Les médecins anesthésistes avaient, dans les CHU, un statut qui leur était propre, intitulé : « Cadre Hospitalier Temporaire » (CHT) crée en 1966. Ils étaient nommés adjoints temporaires pour 2 années reconductibles 4 fois (maximum 8 ans), puis permanents après un concours local qui leur donnait le titre de médecin monoappartenant de 2ème grade puis de 1er grade. Le CHT a duré jusqu’en 1980, puis a été remplacé par le CHAR (cadre hospitalier d’anesthésie réanimation) : assistant temporaire pendant 2 ans maximum, puis permanent après concours local permettant de devenir 2ème grade puis 1er grade du CHAR suivant les titres et travaux. En 1984, le statut particulier des anesthésistes de CHU disparaît pour être confondu avec celui de toutes les autres disciplines, que ce soit pour les CHU ou les hôpitaux généraux, et devenir « Praticien Hospitalier » (PHAR : praticien hospitalier d’anesthésie réanimation) Tous les CHAR de 1er et 2ème grades ont été intégrés comme PHAR, en tenant compte de leur degré d’ancienneté, et sont restés au CHU. Les assistants du CHAR qui étaient temporaires (moins de deux ans d’ancienneté dans le statut) ont dû passer un concours national d’intégration. Ils n’ont pas tous été intégrés au CHU, certains choisissant de s’installer dans les hôpitaux généraux.
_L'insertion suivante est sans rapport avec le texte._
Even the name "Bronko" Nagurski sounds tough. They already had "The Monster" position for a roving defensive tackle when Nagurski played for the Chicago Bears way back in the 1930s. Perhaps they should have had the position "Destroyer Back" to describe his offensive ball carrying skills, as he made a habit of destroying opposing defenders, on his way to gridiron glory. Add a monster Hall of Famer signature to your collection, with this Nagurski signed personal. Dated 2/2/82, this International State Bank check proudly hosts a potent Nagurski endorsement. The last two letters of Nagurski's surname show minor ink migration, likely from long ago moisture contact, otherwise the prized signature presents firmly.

Cette réforme a scindé l’exercice professionnel des anesthésistes en exercice libéral dans les cliniques privées et en exercice public hospitalier au sein des CHU et des hôpitaux généraux. Un premier syndicat de médecins plein temps hospitalier est créé par les CHT en 1969 le SACHT (Syndicats de Anesthésiologistes du Cadre Hospitalier Temporaire)

C’est juste après la création du statut du CHAR en 1981 que la défense de la profession s’est logiquement transformée en créant la Fédération Intersyndicale des Anesthésistes Réanimateur Français le 20 mars 1981 et déclarée à la préfecture de la Seine le 8 mai 1981. Cette Intersyndicale était composé de 3 entités au départ : le SNARF, le SNMCHAR (Syndicat National des Médecins du Cadre Hospitalier d’Anesthésie Réanimation) qui succède au SACHT et le SNMARNU (Syndicat National  des Médecins Anesthésistes Réanimateurs des Hôpitaux Non Universitaires).
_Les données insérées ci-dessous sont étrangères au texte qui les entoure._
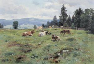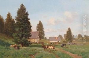 Alpenlandschaft Mit Weidenden Kuhen.

Lors de la création du statut de praticien hospitalier en 1984, le SNMCHAR changera de nom et deviendra le SNPHAR en 1985 (Syndicat National des praticiens hospitaliers anesthésistes réanimateurs) et ne limitera pas son action aux seuls CHU, mais à l’ensemble des centres hospitaliers.

Cette intersyndicale a été rejointe en 2003 par la Collégiale des Professeurs d’Université-Praticiens Hospitaliers en Anesthésie Réanimation.

On peut remarquer que depuis la création du SNAF en 1946 jusqu’à aujourd’hui, la défense professionnelle des anesthésistes, en suivant l’évolution des pratiques, a toujours été puissante. Elle a su défendre les intérêts de la profession au plus grand bénéfice des patients. Elle a su garder sa spécificité grâce à une concertation au sein de l’intersyndicale.

Notre syndicat a changé deux fois de titre :

A l’origine en 1946 il s’est appelé «  Syndicat National des Anesthésiologistes Français »

Le 21 octobre 1963 «  Syndicat National des Anesthésiologistes-Réanimateurs Français » Et en 2002 : « Syndicat des Anesthésistes Réanimateurs de France » suite aux accords européens sur la possibilité faite à des médecins non Français d’exercer en France.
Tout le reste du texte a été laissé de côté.